======== Entries provided

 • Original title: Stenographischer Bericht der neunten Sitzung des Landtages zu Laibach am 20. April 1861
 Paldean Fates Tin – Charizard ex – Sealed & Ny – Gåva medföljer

================
======== Entries provided

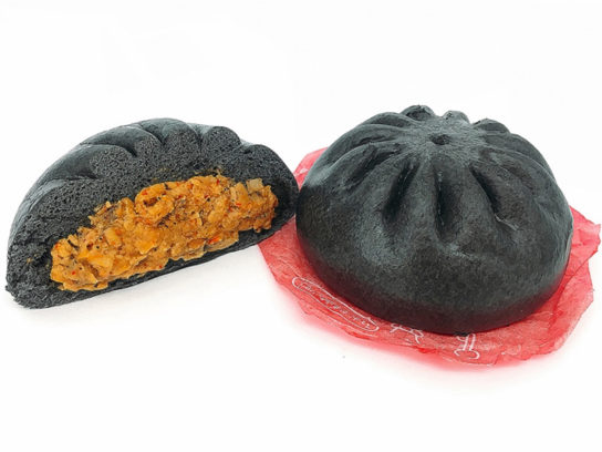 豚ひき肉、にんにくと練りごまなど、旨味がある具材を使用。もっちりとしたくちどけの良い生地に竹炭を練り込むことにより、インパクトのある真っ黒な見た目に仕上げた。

================

-- Exercise directions --
Go to the line in the material above that contains "20. April 1861" and copy exactly from there through the line that contains "Paldean Fates Tin", stopping after it.

-- Solution for this task --
 • Original title: Stenographischer Bericht der neunten Sitzung des Landtages zu Laibach am 20. April 1861
 Paldean Fates Tin – Charizard ex – Sealed & Ny – Gåva medföljer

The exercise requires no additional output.